Reproduce only this range: the line holding "6. gedit servera.com.db" through the last line of the data below, both included, exactly, with no pictures.
=== Begin Enclosure ===
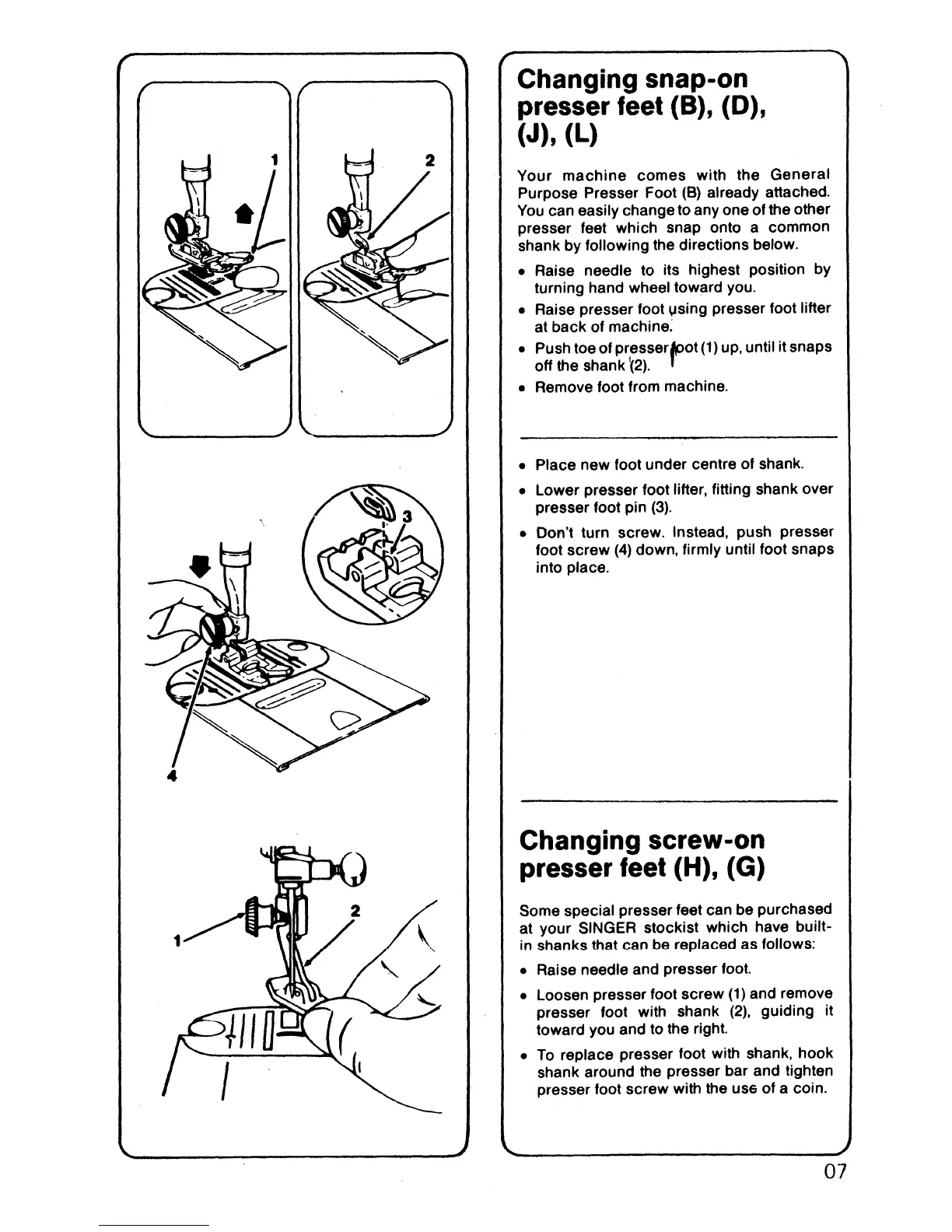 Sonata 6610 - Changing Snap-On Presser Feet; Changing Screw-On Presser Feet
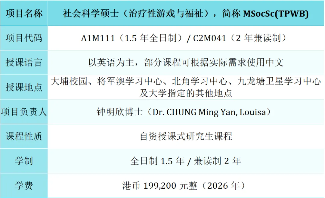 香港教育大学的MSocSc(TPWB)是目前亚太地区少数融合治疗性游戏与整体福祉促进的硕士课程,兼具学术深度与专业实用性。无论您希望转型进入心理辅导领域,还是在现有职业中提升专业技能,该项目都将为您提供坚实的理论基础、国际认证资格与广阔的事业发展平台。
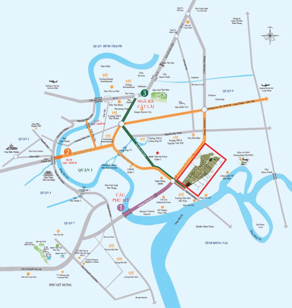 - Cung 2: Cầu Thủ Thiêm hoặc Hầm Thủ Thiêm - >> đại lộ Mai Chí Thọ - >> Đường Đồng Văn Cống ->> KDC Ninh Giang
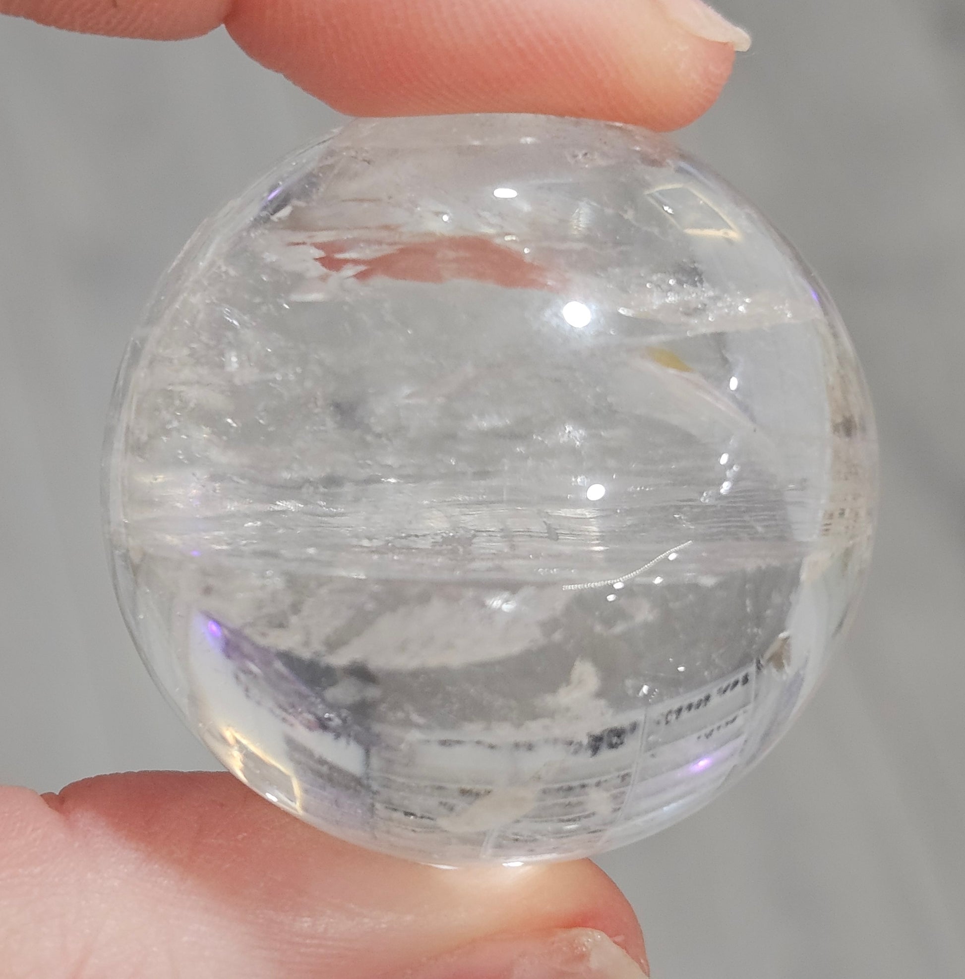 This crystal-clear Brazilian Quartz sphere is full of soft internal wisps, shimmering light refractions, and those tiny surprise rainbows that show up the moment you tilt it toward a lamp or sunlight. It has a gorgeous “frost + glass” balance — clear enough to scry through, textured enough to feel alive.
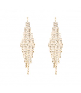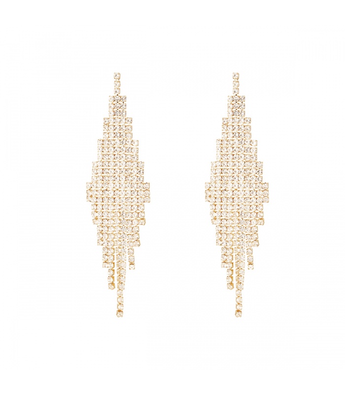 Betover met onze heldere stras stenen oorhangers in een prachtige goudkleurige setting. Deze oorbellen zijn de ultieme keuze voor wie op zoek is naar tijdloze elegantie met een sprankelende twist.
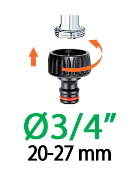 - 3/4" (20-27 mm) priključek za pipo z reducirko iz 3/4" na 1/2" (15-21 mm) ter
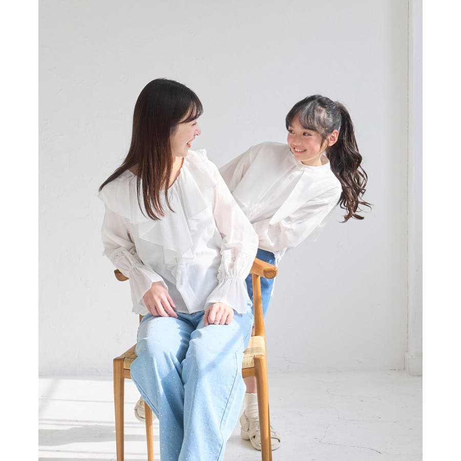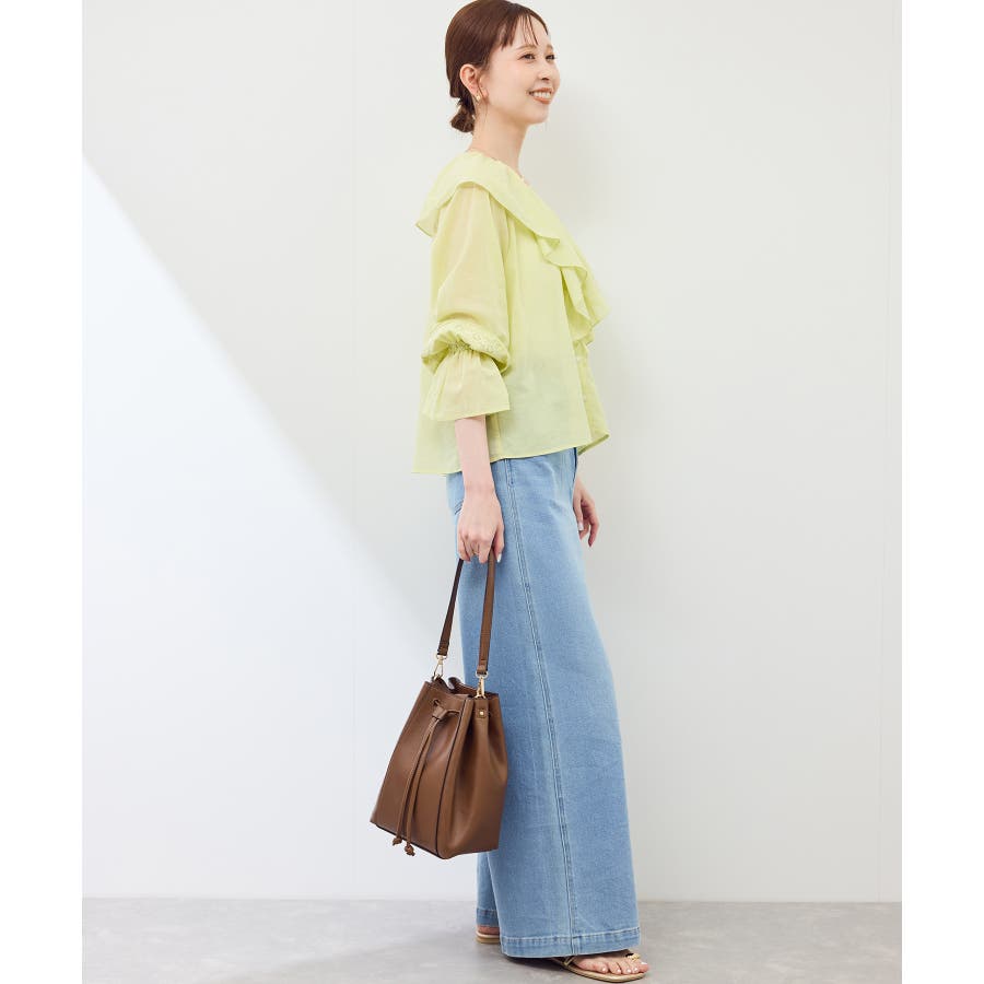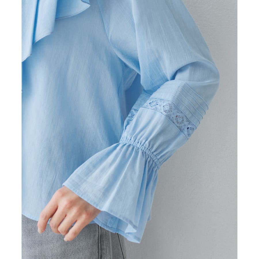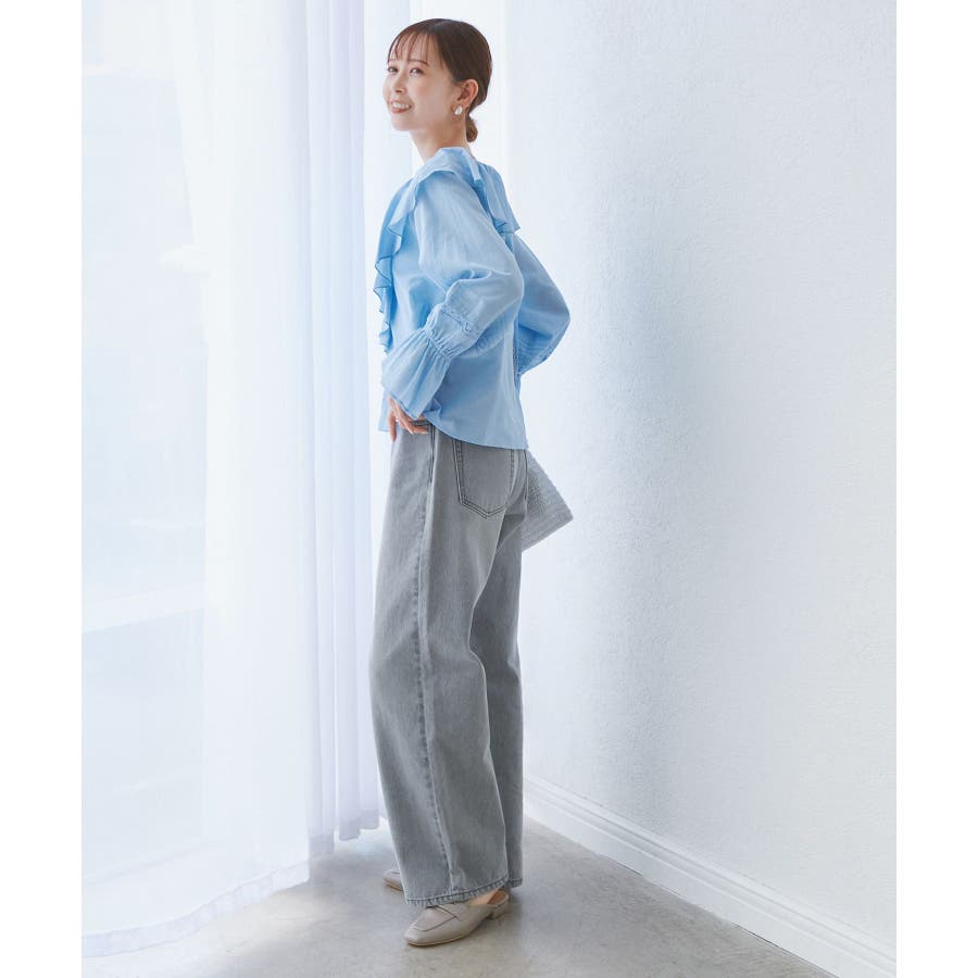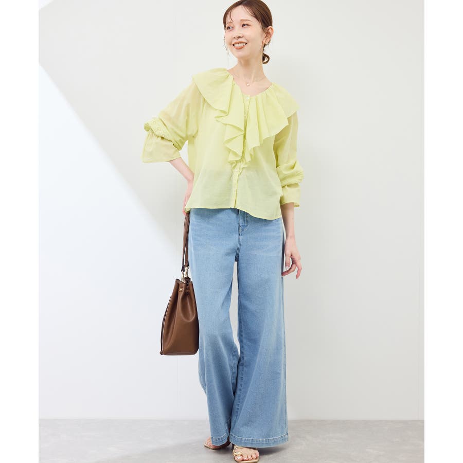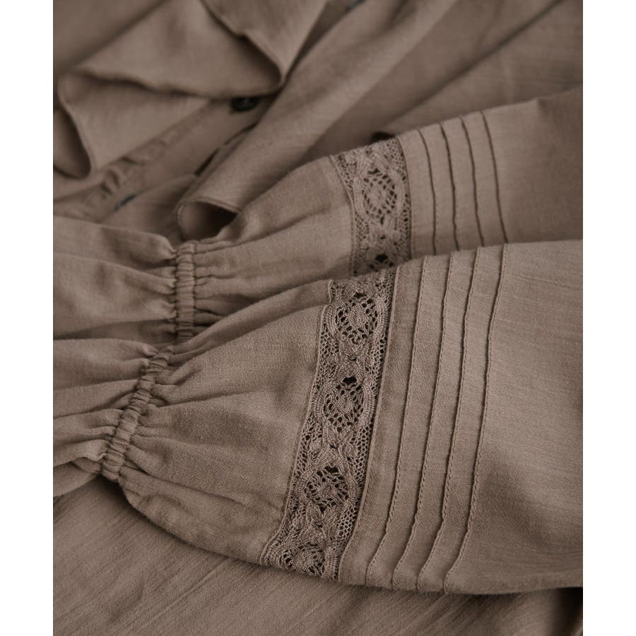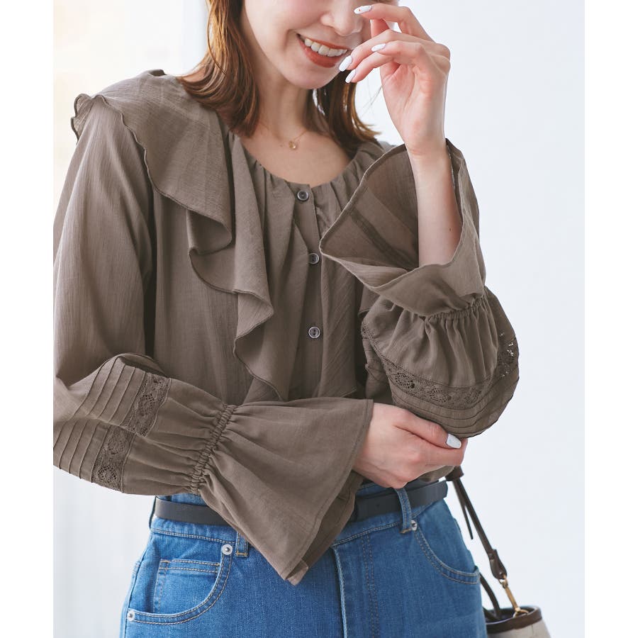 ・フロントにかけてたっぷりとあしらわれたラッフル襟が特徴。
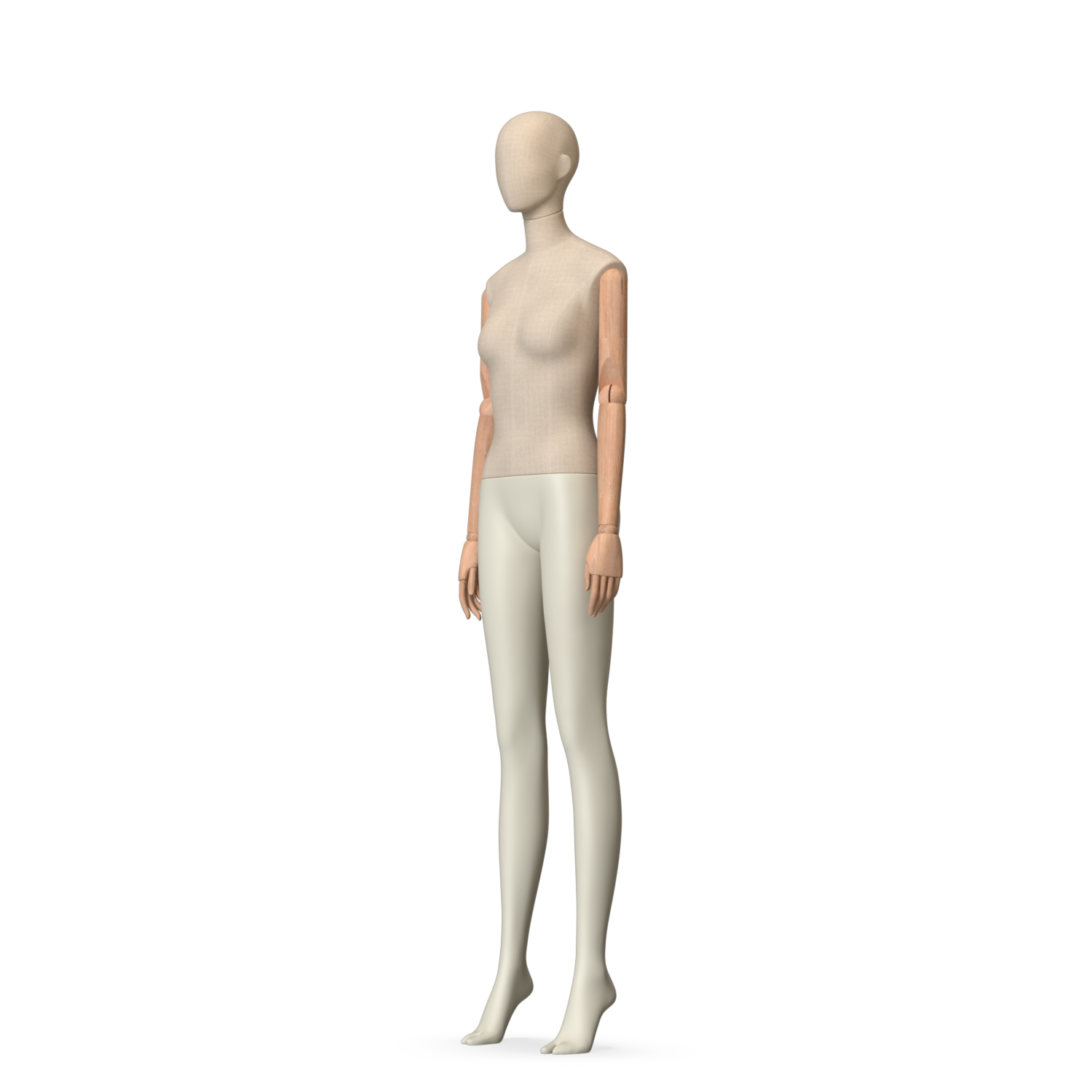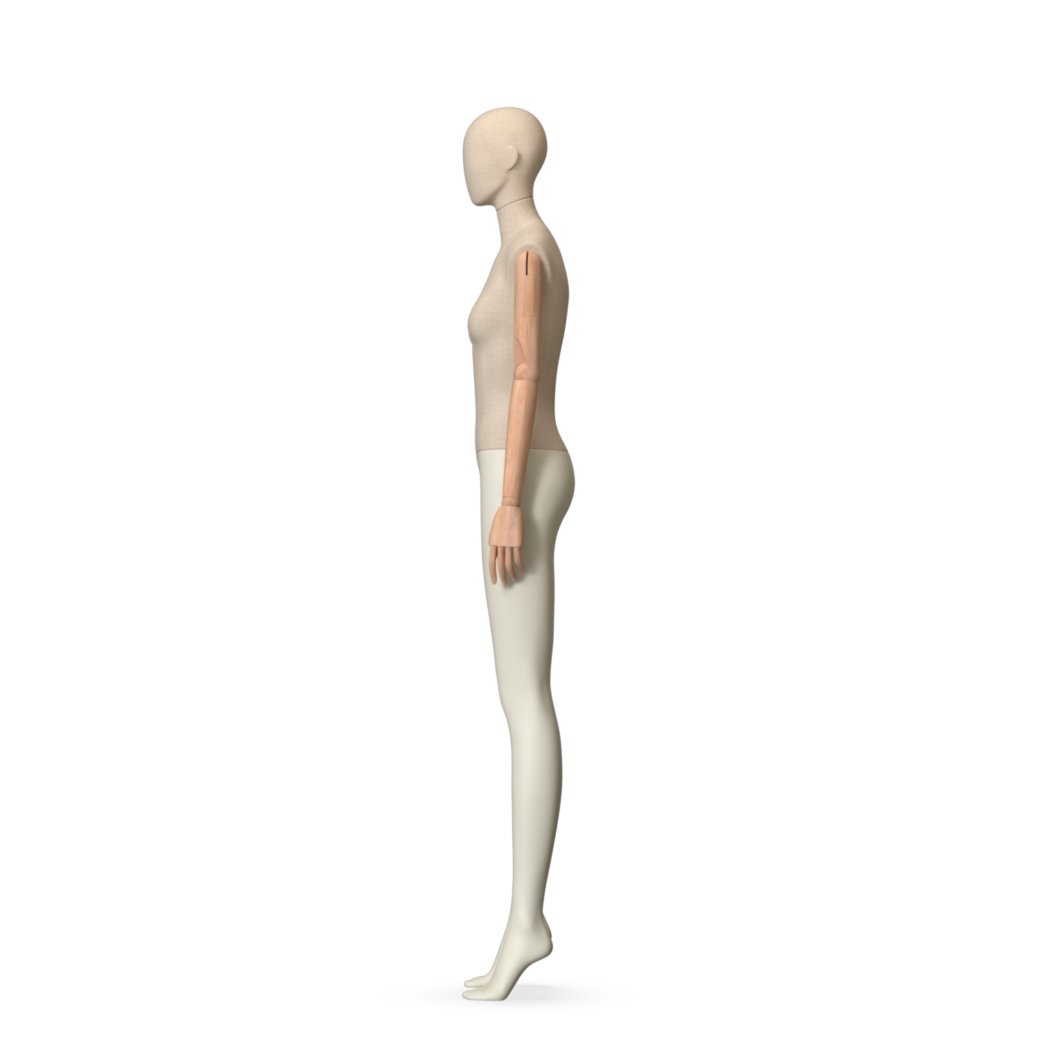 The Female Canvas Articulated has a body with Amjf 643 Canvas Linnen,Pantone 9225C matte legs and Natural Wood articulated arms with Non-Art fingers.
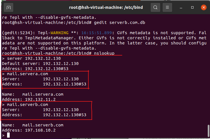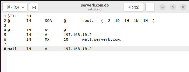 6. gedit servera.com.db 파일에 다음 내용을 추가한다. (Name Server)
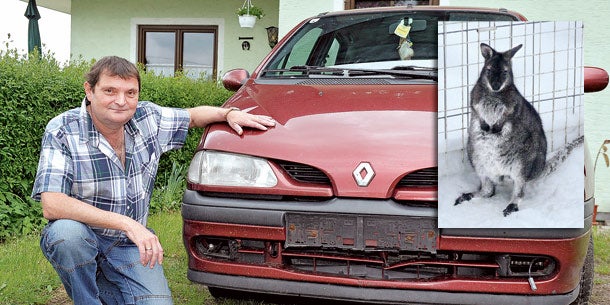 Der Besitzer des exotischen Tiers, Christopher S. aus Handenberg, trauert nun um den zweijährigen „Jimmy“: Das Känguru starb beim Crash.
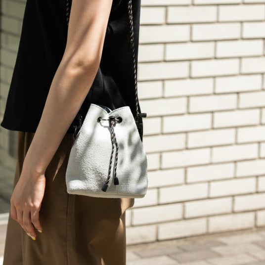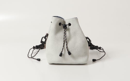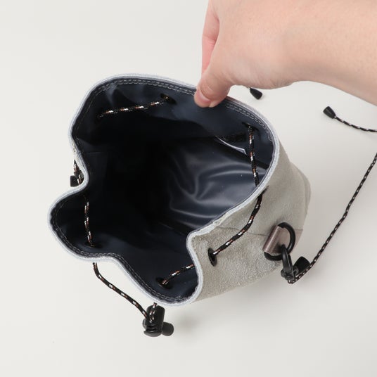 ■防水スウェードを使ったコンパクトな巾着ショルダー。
=== End Enclosure ===
REPLY
 6. gedit servera.com.db 파일에 다음 내용을 추가한다. (Name Server)
 Der Besitzer des exotischen Tiers, Christopher S. aus Handenberg, trauert nun um den zweijährigen „Jimmy“: Das Känguru starb beim Crash.
 ■防水スウェードを使ったコンパクトな巾着ショルダー。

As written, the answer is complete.